Our own data are quite clear. Seventy-two percent of adults who learn our skills experience a spiritual deepening that persists even two years later and those who experience this deepening lose seven times more weight compared to those who don't. These results occur despite the fact that the intervention is not overtly spiritual and attracts people with widely different spiritual orientations.
A Lesson From Children
We currently have no empirical data to tell us precisely how the synergy of mind, body, and spiritual factors leads to a natural fading of the drive to overeat or to other excesses for people using our method. And it will probably be many years before that research has been completed. Right now, when people ask why our program works, I think back to my early clinical work testing this method on children and families.
One evening in particular at a parent meeting, I became fascinated by the self-described absence of spirituality in many parents of obese adolescents. I remember one mother saying, "I just can't let go. I can't let Kirk be self-destructive. He's ruining his body; his chest is bigger than mine now and he even has stretch marks. It breaks my heart to see him ruining his life."
From the discussion that followed, it became clear why this mother and the other parents in the room had difficulty accepting their essential pain which was that they did not have complete control over her adolescent's behavior. If they did let go, they felt they was no safety net, no benevolent force or basic strength to take over. These parents could not trust anything to protect their children.
Initially, I was surprised, but not for long. That evening I called Velia Frost, our clinic's social worker, whose response was to the point: "Why would these parents think there was a safety net or a spiritual being in the world?" Many of them weren't nurtured well growing up. They've had no experience of any kind of safety net or beneficial force. Why should they have trust that it will be there for their children?"
Of course, most if not all of our spiritual traditions teach that us that there is a safety net one that we can find by going inside. What seems to have happened with our program is that, through medical and psychological research, we have found a way to make people more aware of this spiritual safety net and to use it to support them as they lose weight.

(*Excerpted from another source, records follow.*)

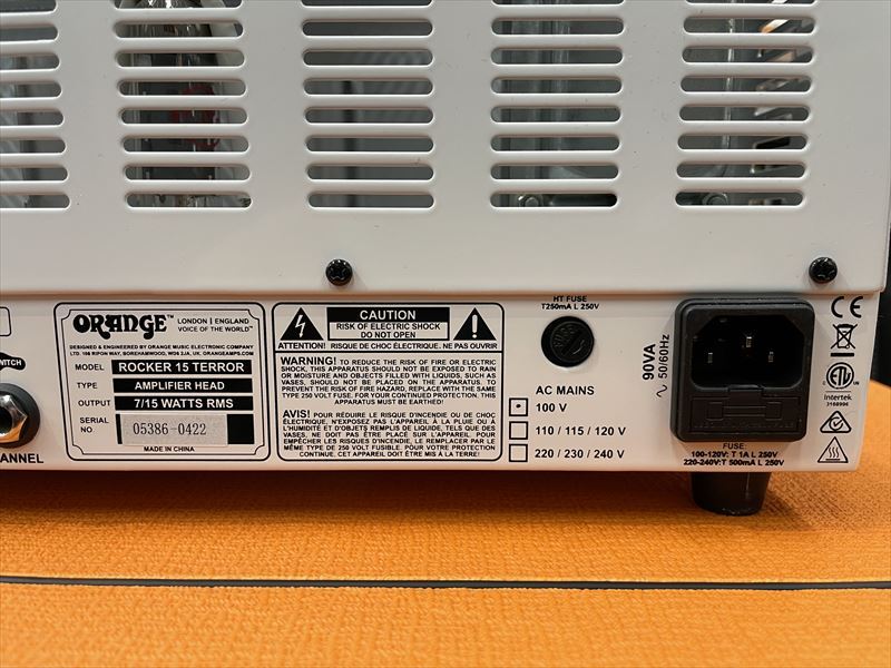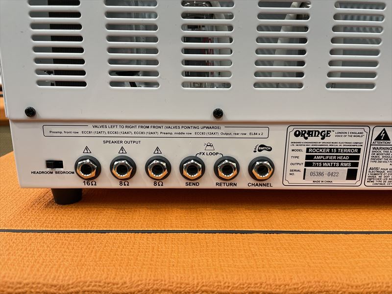 Orangeの15Wアンプヘッドは1Ch仕様のOR15がありますが、このRocker 15 Terrorは2Ch仕様、フットスイッチでChの切替も可能。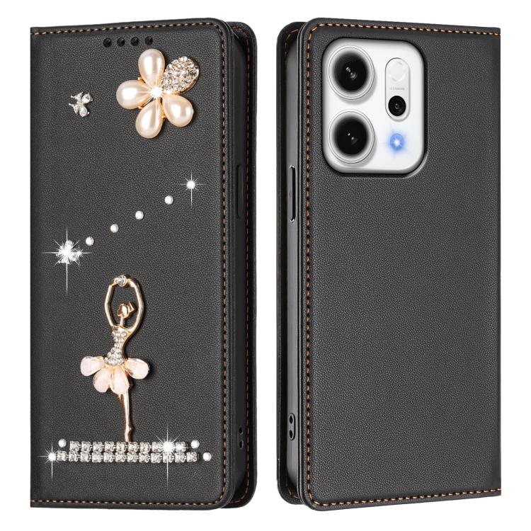 For OPPO Reno14 F 5G Global Ballet Girl Diamond Studded RFID Vegan Leather Phone Case(Black)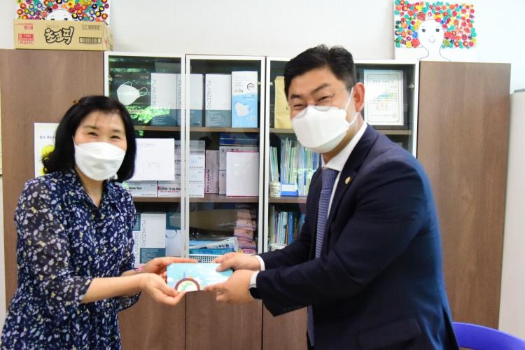 ÀÇȸ ¹æ¹®´ÜÀº Äڷγª19 °¨¿° ¿¹¹æ Â÷¿ø¿¡¼ ´ë¸é Á¢ÃËÀ» ÃÖ¼ÒÈÇϱâ À§ÇØ, ½Ã¼³ ¾ÈÀº µÑ·¯º¸Áö ¾Ê°í ½Ã¼³ ¹Û¿¡¼ °ü°èÀÚµéÀ» ¸¸³ª À§¹®Ç°À» Àü´ÞÇϰí ÀÔ¼ÒÀڵ鿡°Ô ¾ÈºÎ¿Í °Ý·ÁÀÇ ¸»À» ´ë½Å ÀüÇß´Ù.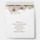 Wedding envelope depicts a simple watercolor floral design with elegant white orchids and a gold frame. It features a pre-printed return address on the back and inspirational quote, "Two lives united in friendship, Two friends united in love, One love united in Christ." All text can be deleted or customised to details of your choice.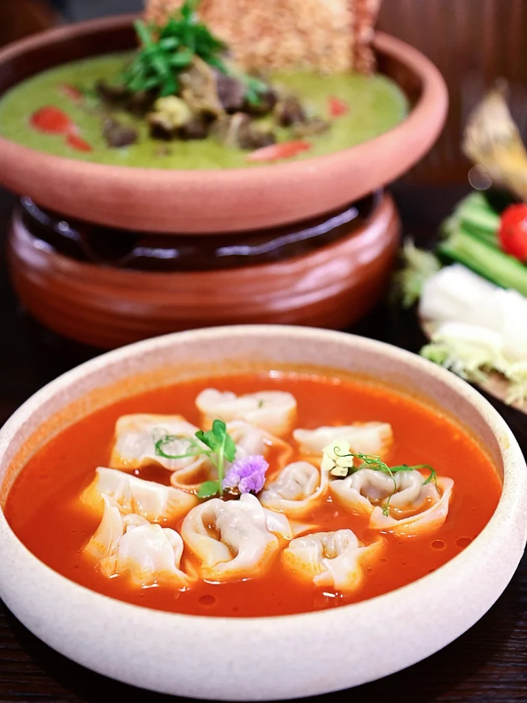 🍲贵州酸汤手工云吞,大颗洁白的云吞,红彤彤的酸汤,点缀着小花绿芽,美轮美奂。云吞皮薄馅足,灵魂酸汤酸爽开胃,连云吞带酸汤整碗吃光光!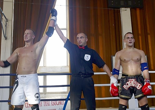David Makovička jako vítěz zápasu na amatérském MMČR v Muay Thai

Since our research was completed, I have had the privilege of observing several hundred more people use this method. In pondering their experiences, it seems that for most there is an important moment, a point of development and change. It is then that the face of the divine appears to smile upon them and to bring more light into their being. Although there is a period of strengthening these skills, from that point on there is a trend toward improved health and happiness. Weight decreases without excessive restraint, external controls or the substitution of another kinds of excess. There is nothing furtive about this transition. In fact, it is so obvious that those in groups begin anticipate it in themselves as they see occur in others. The number on the scale goes down and stays down from no longer needing the extra food.